ASSIGNMENT | With the pictures left out, retype exactly the lines below starting at the line that contains "На рисунке подписаны" and ending at the line that contains "Говядину нарезать тонкой".

DATA PROVIDED |
--------------------------------------------------
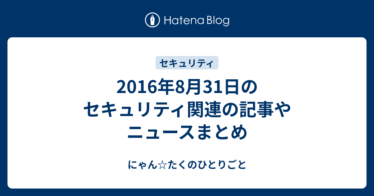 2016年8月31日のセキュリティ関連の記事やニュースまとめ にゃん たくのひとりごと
--------------------------------------------------
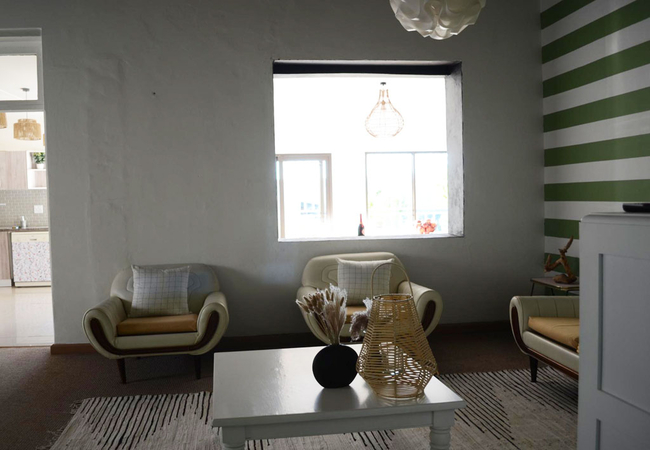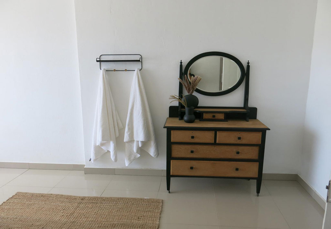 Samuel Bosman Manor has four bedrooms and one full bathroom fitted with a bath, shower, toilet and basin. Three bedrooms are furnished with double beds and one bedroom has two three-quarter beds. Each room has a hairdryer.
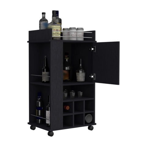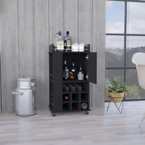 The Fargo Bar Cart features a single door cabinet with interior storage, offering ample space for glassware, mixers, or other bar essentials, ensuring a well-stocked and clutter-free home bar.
--------------------------------------------------
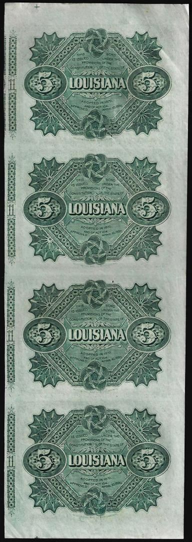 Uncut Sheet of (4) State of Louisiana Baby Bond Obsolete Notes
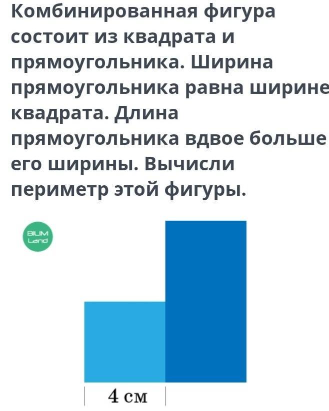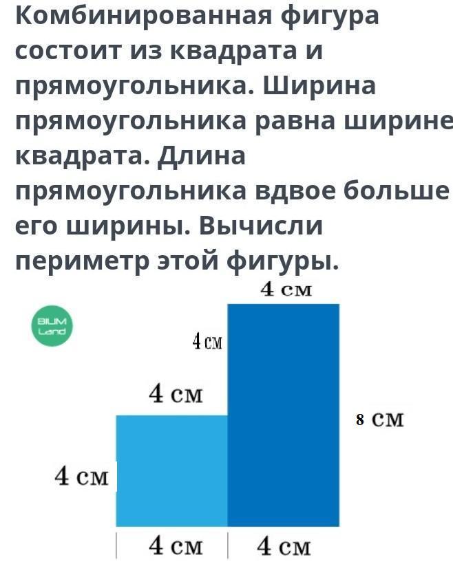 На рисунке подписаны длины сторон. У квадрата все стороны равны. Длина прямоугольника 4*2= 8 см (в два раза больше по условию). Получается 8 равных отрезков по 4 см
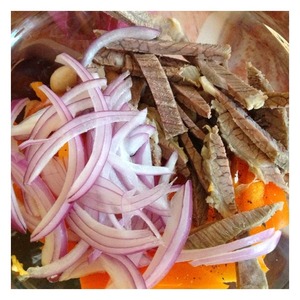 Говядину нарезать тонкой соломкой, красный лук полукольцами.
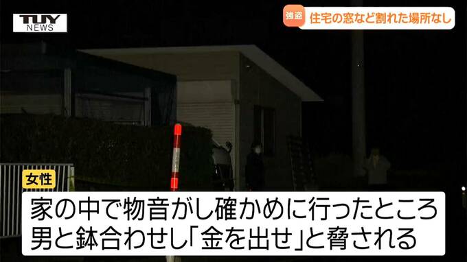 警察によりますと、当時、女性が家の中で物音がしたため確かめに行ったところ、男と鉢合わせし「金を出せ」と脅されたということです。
--------------------------------------------------
SOLUTION TO THIS TASK |
 На рисунке подписаны длины сторон. У квадрата все стороны равны. Длина прямоугольника 4*2= 8 см (в два раза больше по условию). Получается 8 равных отрезков по 4 см
 Говядину нарезать тонкой соломкой, красный лук полукольцами.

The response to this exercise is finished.